The image shows a challenge asking to plot a parabola through three given points:

• $(-9, 4)$
• $(-6, 1)$
• $(-3, 4)$

To find the equation of the parabola that passes through these points, we can assume a general quadratic equation:

$y = ax^2 + bx + c$

We substitute the three points into this equation to form a system of three equations to solve for $a$, $b$, and $c$.

1. For $(-9, 4)$: $4 = a(-9)^2 + b(-9) + c$ $4 = 81a - 9b + c$

2. For $(-6, 1)$: $1 = a(-6)^2 + b(-6) + c$ $1 = 36a - 6b + c$

3. For $(-3, 4)$: $4 = a(-3)^2 + b(-3) + c$ $4 = 9a - 3b + c$

Now, I will solve this system of equations to find $a$, $b$, and $c$.The solution to the system of equations is:

• $a = \frac{1}{3}$
• $b = 4$
• $c = 13$

Thus, the equation of the parabola passing through the points $(-9, 4)$, $(-6, 1)$, and $(-3, 4)$ is:

$y = \frac{1}{3}x^2 + 4x + 13$

Would you like further explanation on solving these types of systems, or any additional details?
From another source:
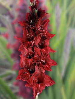 Гладиолус Червоный Кроуль. Высота 150 см. Соцветие 75 см, 23 бутона (одновременно открыты 9). Бутон 13-13,5 см. Очень темный почти чёрно-вишнёвый, со слегка шоколадным отливом и с оторочкой по кромке чёрной каймой. Бархатистость ткани лепестков бросается в глаза. Красивое соцветие с плотной укладкой и жёстким стеблем. Ткань плотная, прочная, устойчивая к солнцу и непогоде. Гофрировка умеренная. Срок цветения ранний.
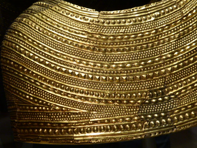 (Above) A close-up of a gold cape from Mold, Wales made from a single sheet of gold (c 1900 – 1600 BC)

Here are 5 related questions to consider:

1. How can you verify if a quadratic equation fits multiple points?
2. What happens to the parabola if you change the sign of $a$?
3. Can you generalize the process of finding a parabola for any set of three points?
4. How does the vertex form of a parabola relate to its standard form?
5. How would you solve this system graphically instead of algebraically?

Tip: When working with systems of equations, always check for consistency by substituting the solutions back into the original equations.